Some Smith Center residents concede that a project that may not have caused a stir in a bigger city has badly shaken this town, both because it’s fiercely protective of its identity and because it’s in the heart of the prairie Bible Belt. Smith Center has 12 churches for a population of 1,800.
But like other out-of-the-way communities in rural America, it’s slowly dying.
With one of the oldest average ages in Kansas, the town has three nursing homes, but just 17 students graduated from the local high school in May.
“People leave because there is no work,” said Justin Dube, 26, a professional house painter. “We have a lot of older folks who run this town. They’ve lived here all their lives and are afraid of change.”
The TM project offers the possibility of months, even years, of painting work, Dube said.
“All they want is to meditate for peace. How could people like that be so bad?” Dube asked. “These people will stimulate the economy.”
Working with locals
There’s evidence he might be right.
The similar project in Iowa has attracted thousands of meditators from around the world. The movement established a university there in the 1970s and incorporated Maharishi Vedic City on Fairfield’s outskirts in 2001.
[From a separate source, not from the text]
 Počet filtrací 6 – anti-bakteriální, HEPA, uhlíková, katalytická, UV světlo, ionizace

Gold-domed buildings constructed by TM architects dot the community, and children learn meditation at a private K-12 school.
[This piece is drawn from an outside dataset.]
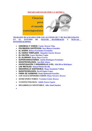 El documento lista los trabajos realizados por estudiantes de primer año de bachillerato en el departamento de física y química sobre nuevos materiales e investigaciones, incluyendo cerámica, vidrio, polímeros sintéticos, acero, vidrio templado, coltán, aluminio, superconductores, nanotecnología, investigación y desarrollo, metales, desarrollo sostenible, fibra de carbono, localización de recursos, semiconductores y más temas relacionados con nuevos materiales.

Often well-educated and entrepreneurial, the meditators have helped the area flourish, said Dian Gilmore, vice president of the Fairfield Chamber of Commerce. An organic farm sells to stores as far away as Chicago, while the newcomers have started businesses employing hundreds of people, she said.
In Smith Center, the plan is to develop the community in several stages, starting with a few hundred people and eventually reaching a population of several thousand.
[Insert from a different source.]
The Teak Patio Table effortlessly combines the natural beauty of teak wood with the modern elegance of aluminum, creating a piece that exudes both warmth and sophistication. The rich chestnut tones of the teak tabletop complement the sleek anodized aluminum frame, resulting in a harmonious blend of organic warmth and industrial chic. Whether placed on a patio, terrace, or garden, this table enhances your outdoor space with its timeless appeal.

It will include a university specializing in preventive medicine according to ancient Hindu principles, spokesmen for the project say.
Michener, the movement’s local representative, said he believes opponents eventually will be won over by benefits the project can bring, like teaching communities how to use wind power or buying organic produce from local farms.
That talk only tends to confirm the suspicions of local farmers, who point to the Texas sandburs infesting their new neighbors’ chemical-free fields or the plan to have all the new buildings face east, the same direction from which Kansas’ bitter winter winds blow.
“I never saw a group in my life with such screwed-up ideas,” said Don Yenne, 80, whose brother Raymond was one of two local farmers to sell land to the movement.
Other neighbors have vowed not to sell if the group tries to expand and to boycott any business that helps with the construction.
Farmer Hiram Lambert said many of the Maharishi’s ideas just don’t fit among locals whose families have carved a hardscrabble life out of the tough Kansas prairie.
“Out here in rural America, we don’t deal with as many off-the- wall things as in the big city,” Lambert said. “It’s a little more foreign to us.”
Lambert said he believed the new countywide zoning begun in Smith County last month would at least limit the project’s scope. And if it doesn’t, there are plans to form a watchdog group to keep the movement from recruiting local members.
“The land is important to me, and the rural life is important to me. It’s not like if things get bad here, I’m going to pick up and move somewhere,” said Lambert, 54, a fourth-generation farmer.
“Whatever challenges (these people) bring to our community, I’m going to have to live with it,” he said.